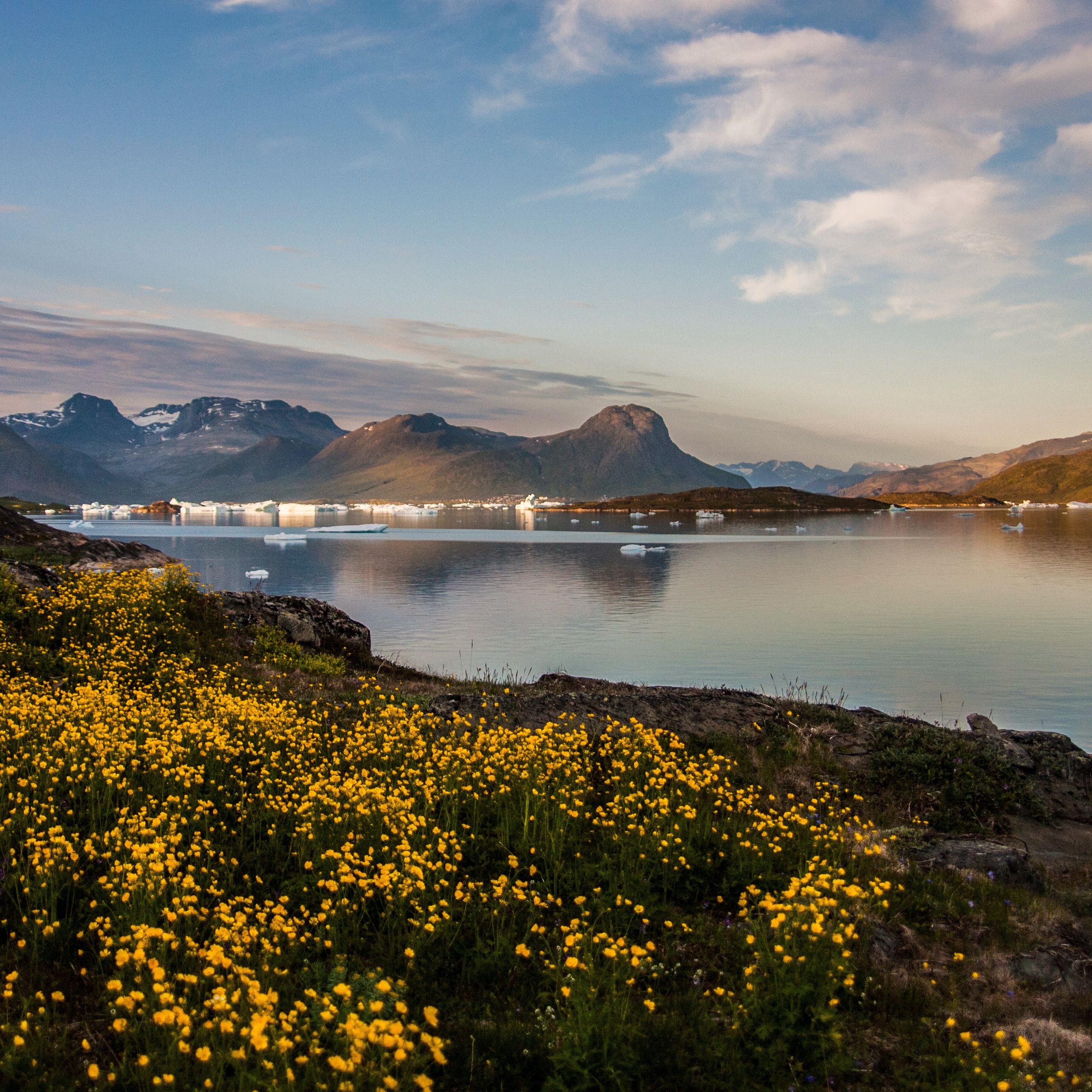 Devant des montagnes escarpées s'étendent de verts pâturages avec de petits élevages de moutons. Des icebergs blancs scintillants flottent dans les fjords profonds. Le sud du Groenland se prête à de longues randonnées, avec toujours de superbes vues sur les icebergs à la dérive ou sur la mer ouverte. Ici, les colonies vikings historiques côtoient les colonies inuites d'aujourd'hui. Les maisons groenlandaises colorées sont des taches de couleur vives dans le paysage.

**********

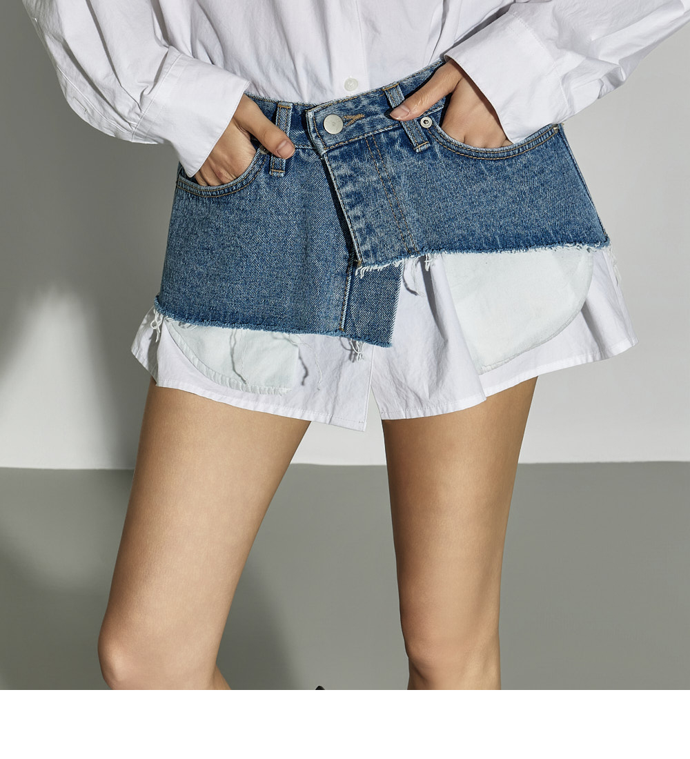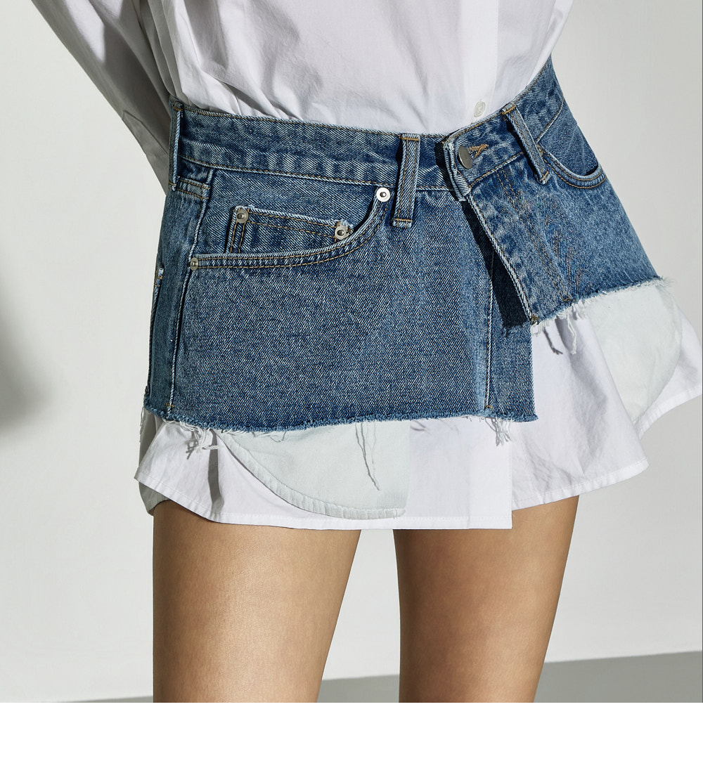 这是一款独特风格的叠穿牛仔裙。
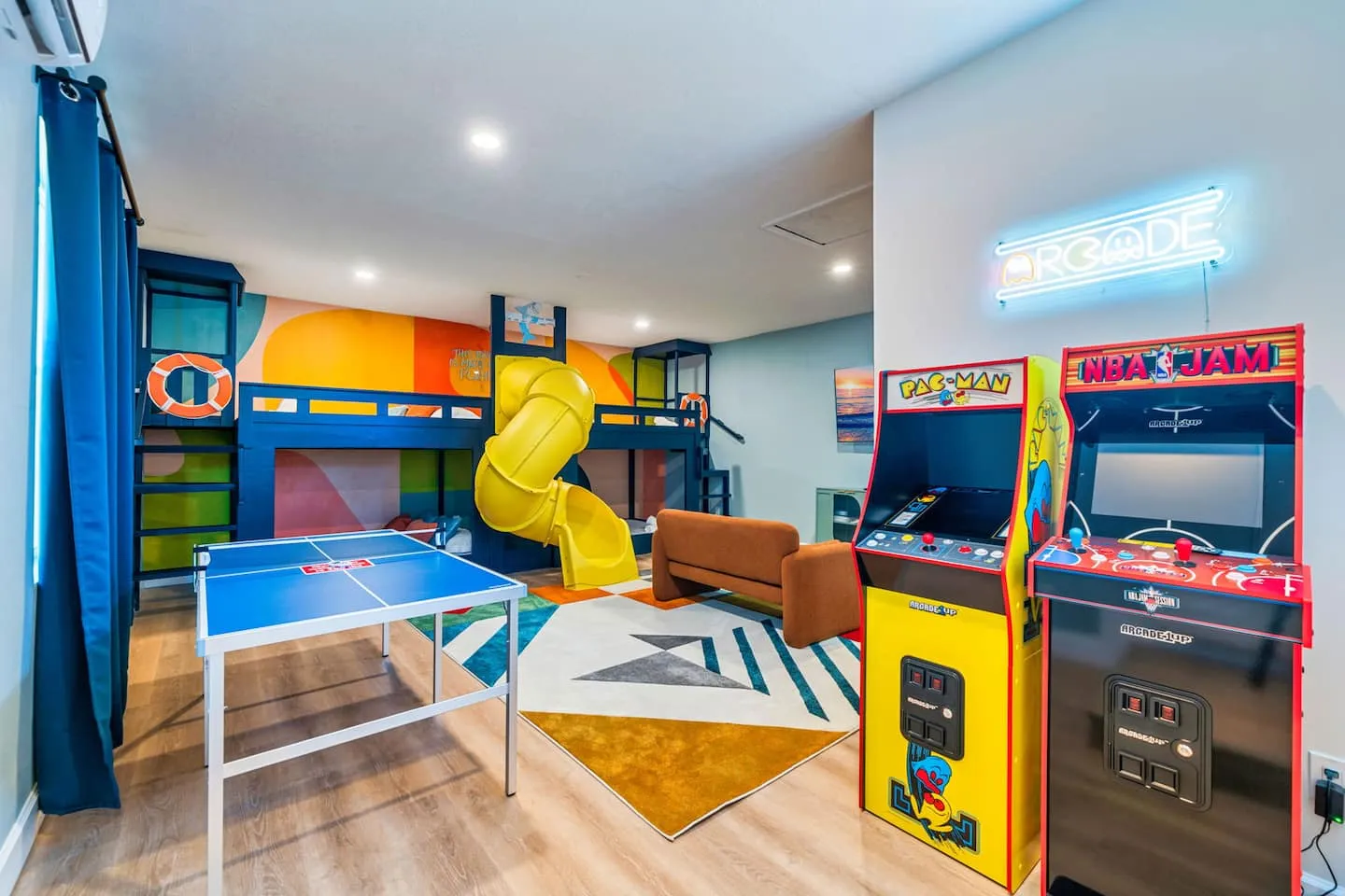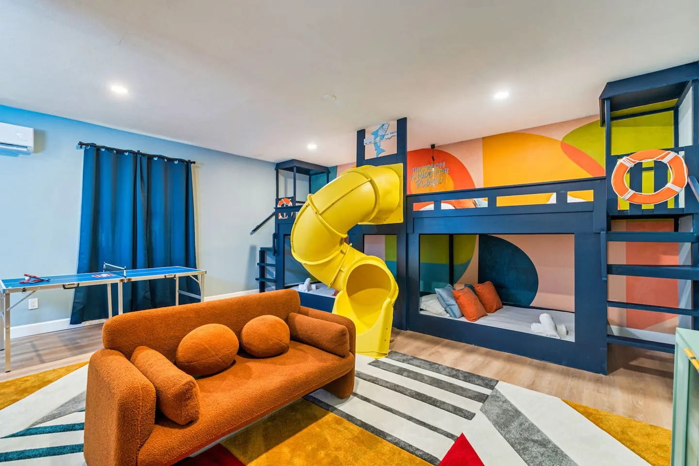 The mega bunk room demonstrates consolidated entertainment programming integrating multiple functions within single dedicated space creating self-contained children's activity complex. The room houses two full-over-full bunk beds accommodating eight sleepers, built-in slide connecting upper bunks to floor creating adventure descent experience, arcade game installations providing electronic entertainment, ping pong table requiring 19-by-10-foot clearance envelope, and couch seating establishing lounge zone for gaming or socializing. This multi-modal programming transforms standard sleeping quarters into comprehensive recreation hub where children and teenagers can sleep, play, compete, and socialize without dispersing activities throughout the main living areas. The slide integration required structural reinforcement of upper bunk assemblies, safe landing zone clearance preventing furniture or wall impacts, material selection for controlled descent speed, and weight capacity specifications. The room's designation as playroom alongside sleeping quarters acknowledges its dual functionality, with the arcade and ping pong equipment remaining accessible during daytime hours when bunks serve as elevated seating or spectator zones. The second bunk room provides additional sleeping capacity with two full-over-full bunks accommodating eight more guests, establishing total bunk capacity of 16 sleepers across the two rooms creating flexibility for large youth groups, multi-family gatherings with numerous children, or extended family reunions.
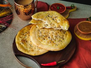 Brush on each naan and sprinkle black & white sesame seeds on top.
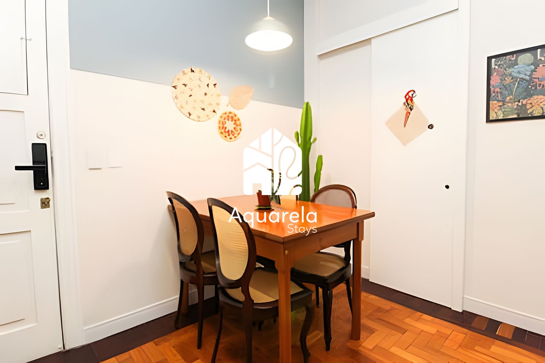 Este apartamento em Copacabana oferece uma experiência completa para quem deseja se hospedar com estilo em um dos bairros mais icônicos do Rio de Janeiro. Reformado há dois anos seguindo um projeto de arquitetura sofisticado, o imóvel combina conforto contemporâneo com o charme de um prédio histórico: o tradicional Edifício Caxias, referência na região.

**********

PROBLEM TO WORK ON:
Start at the line above containing "这是一款独特风格的叠穿牛仔裙。" and stop at the line containing "Brush on each": print those lines and everything between them exactly, but not the pictures.

TASK ANSWER:
 这是一款独特风格的叠穿牛仔裙。
 The mega bunk room demonstrates consolidated entertainment programming integrating multiple functions within single dedicated space creating self-contained children's activity complex. The room houses two full-over-full bunk beds accommodating eight sleepers, built-in slide connecting upper bunks to floor creating adventure descent experience, arcade game installations providing electronic entertainment, ping pong table requiring 19-by-10-foot clearance envelope, and couch seating establishing lounge zone for gaming or socializing. This multi-modal programming transforms standard sleeping quarters into comprehensive recreation hub where children and teenagers can sleep, play, compete, and socialize without dispersing activities throughout the main living areas. The slide integration required structural reinforcement of upper bunk assemblies, safe landing zone clearance preventing furniture or wall impacts, material selection for controlled descent speed, and weight capacity specifications. The room's designation as playroom alongside sleeping quarters acknowledges its dual functionality, with the arcade and ping pong equipment remaining accessible during daytime hours when bunks serve as elevated seating or spectator zones. The second bunk room provides additional sleeping capacity with two full-over-full bunks accommodating eight more guests, establishing total bunk capacity of 16 sleepers across the two rooms creating flexibility for large youth groups, multi-family gatherings with numerous children, or extended family reunions.
 Brush on each naan and sprinkle black & white sesame seeds on top.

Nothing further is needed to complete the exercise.